• Extracted material:

= = =

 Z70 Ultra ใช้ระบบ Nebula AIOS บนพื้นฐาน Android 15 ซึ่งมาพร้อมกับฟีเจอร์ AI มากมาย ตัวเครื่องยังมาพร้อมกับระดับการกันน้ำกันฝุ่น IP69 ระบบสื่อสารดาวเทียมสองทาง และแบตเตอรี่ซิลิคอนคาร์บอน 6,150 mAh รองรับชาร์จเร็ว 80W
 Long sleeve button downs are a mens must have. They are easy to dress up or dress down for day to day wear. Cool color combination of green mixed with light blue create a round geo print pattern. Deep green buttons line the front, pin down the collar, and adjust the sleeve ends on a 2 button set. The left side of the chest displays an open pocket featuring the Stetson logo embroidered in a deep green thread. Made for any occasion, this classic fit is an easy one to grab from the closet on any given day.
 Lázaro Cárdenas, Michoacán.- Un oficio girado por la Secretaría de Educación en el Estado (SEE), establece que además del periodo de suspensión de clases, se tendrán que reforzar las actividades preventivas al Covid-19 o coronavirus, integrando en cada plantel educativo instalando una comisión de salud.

= = =

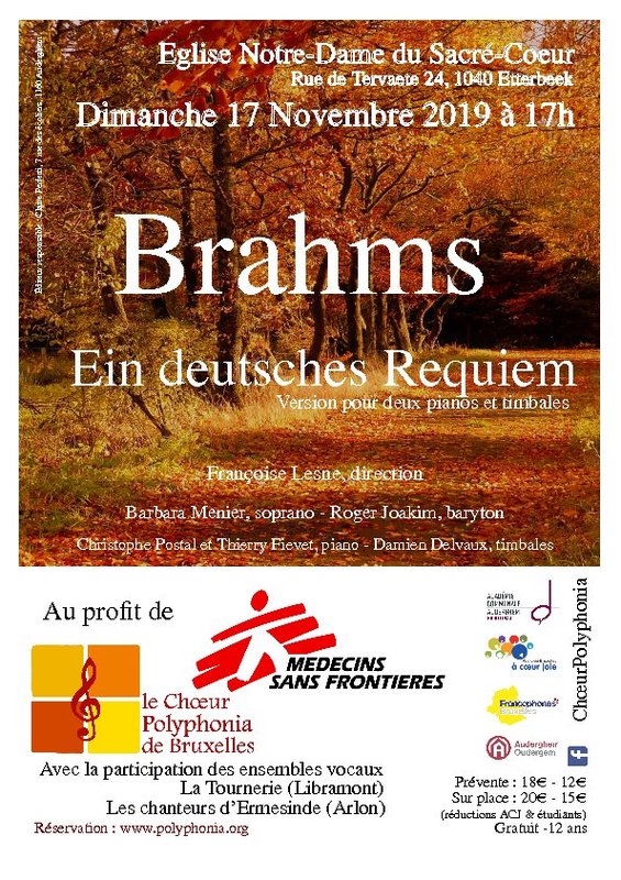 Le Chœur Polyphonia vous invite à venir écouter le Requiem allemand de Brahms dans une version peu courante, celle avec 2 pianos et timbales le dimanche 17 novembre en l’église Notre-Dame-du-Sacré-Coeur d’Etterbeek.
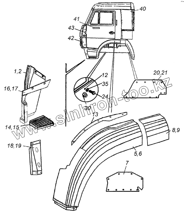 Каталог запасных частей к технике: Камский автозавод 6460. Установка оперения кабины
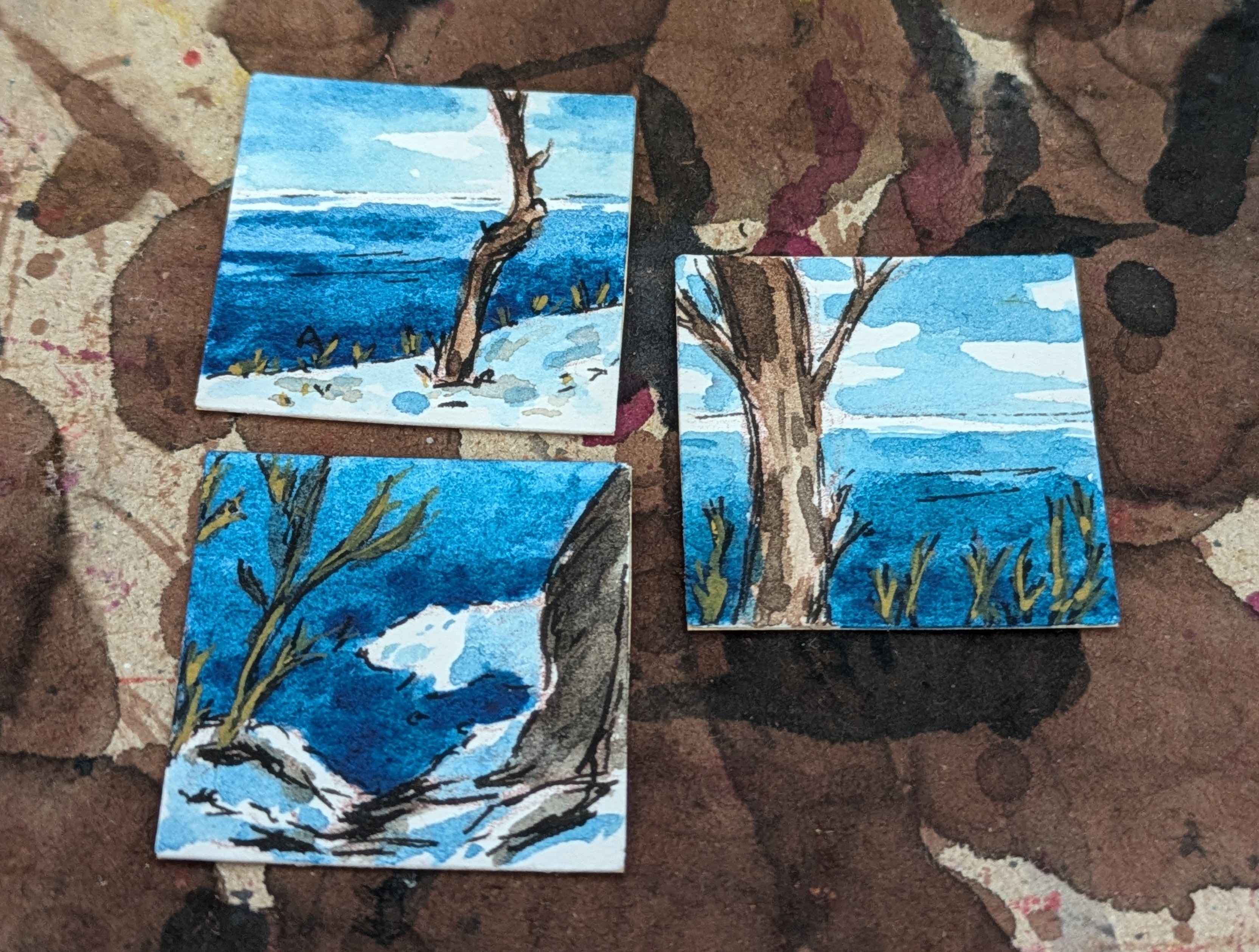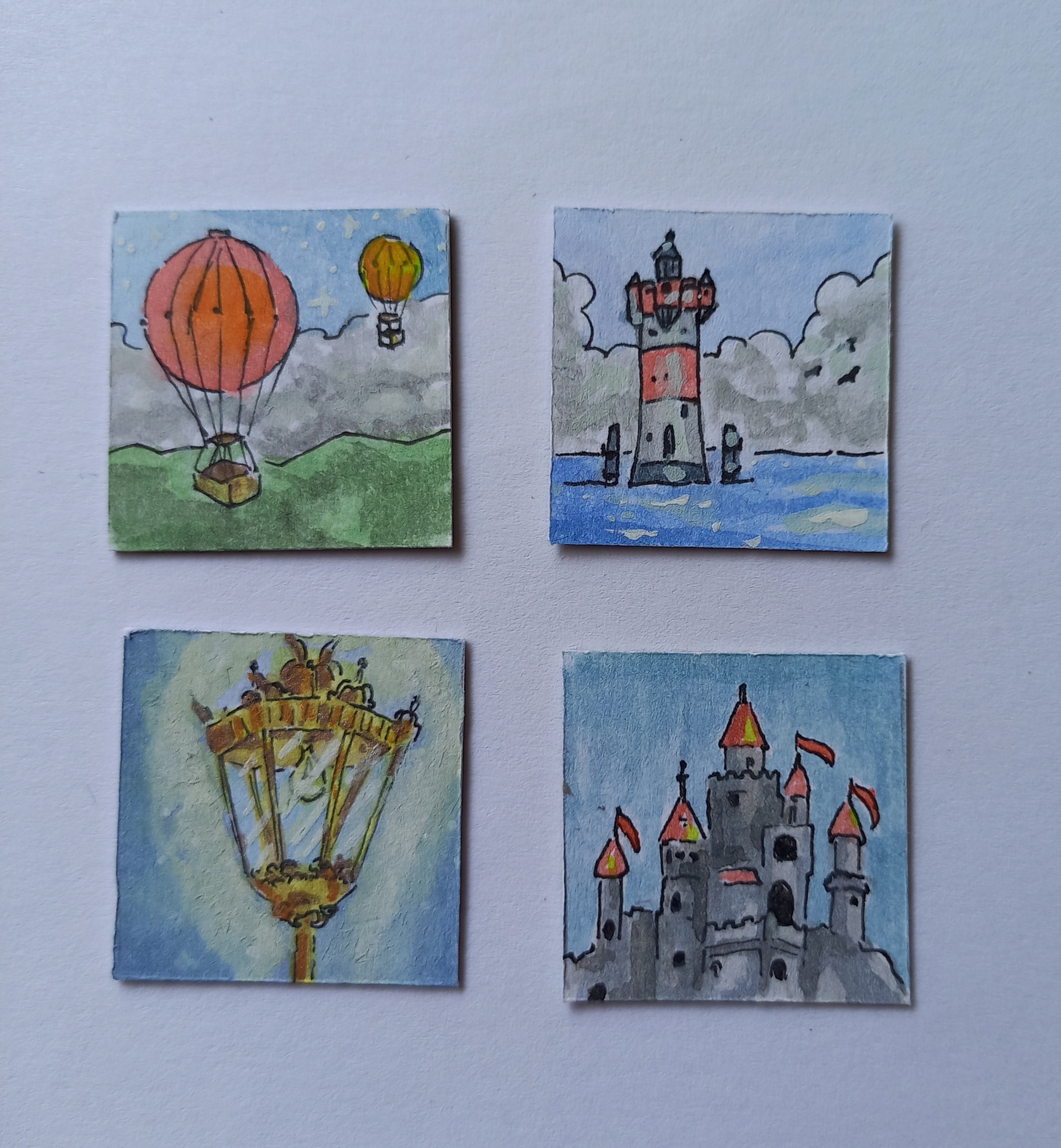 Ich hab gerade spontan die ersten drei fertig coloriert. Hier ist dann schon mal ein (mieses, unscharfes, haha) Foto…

= = =

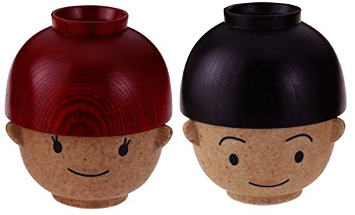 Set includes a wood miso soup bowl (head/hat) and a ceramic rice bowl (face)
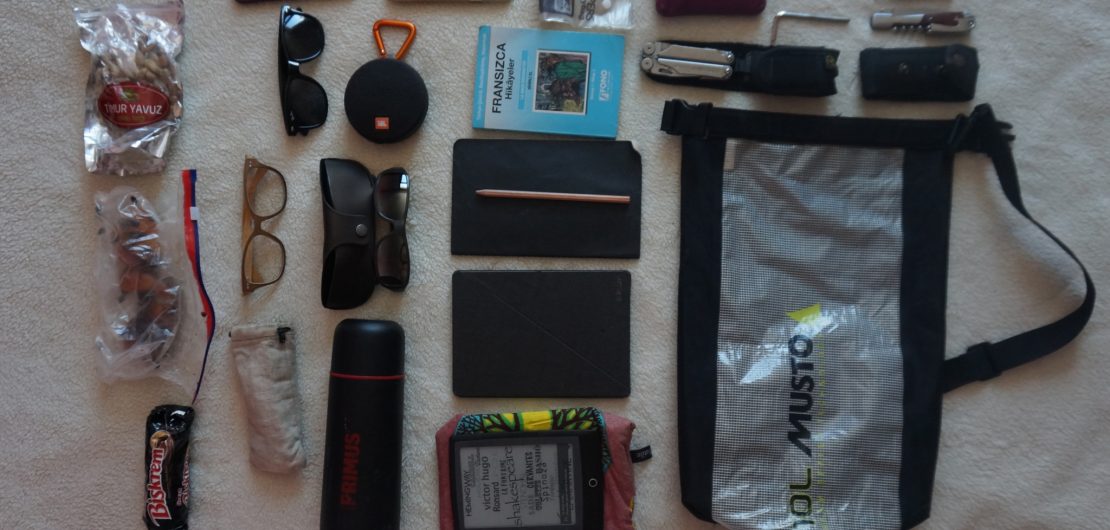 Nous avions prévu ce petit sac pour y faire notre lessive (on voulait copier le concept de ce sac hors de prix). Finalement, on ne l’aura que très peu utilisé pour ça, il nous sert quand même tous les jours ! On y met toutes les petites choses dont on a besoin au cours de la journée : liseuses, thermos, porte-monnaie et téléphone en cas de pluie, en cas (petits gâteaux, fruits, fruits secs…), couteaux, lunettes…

= = =

• What is required:
With pictures excluded, reproduce exactly the lines above from the one containing "Le Chœur Polyphonia" down to the one containing "Ich hab gerade", those two included.

• Answer space:
 Le Chœur Polyphonia vous invite à venir écouter le Requiem allemand de Brahms dans une version peu courante, celle avec 2 pianos et timbales le dimanche 17 novembre en l’église Notre-Dame-du-Sacré-Coeur d’Etterbeek.
 Каталог запасных частей к технике: Камский автозавод 6460. Установка оперения кабины
 Ich hab gerade spontan die ersten drei fertig coloriert. Hier ist dann schon mal ein (mieses, unscharfes, haha) Foto…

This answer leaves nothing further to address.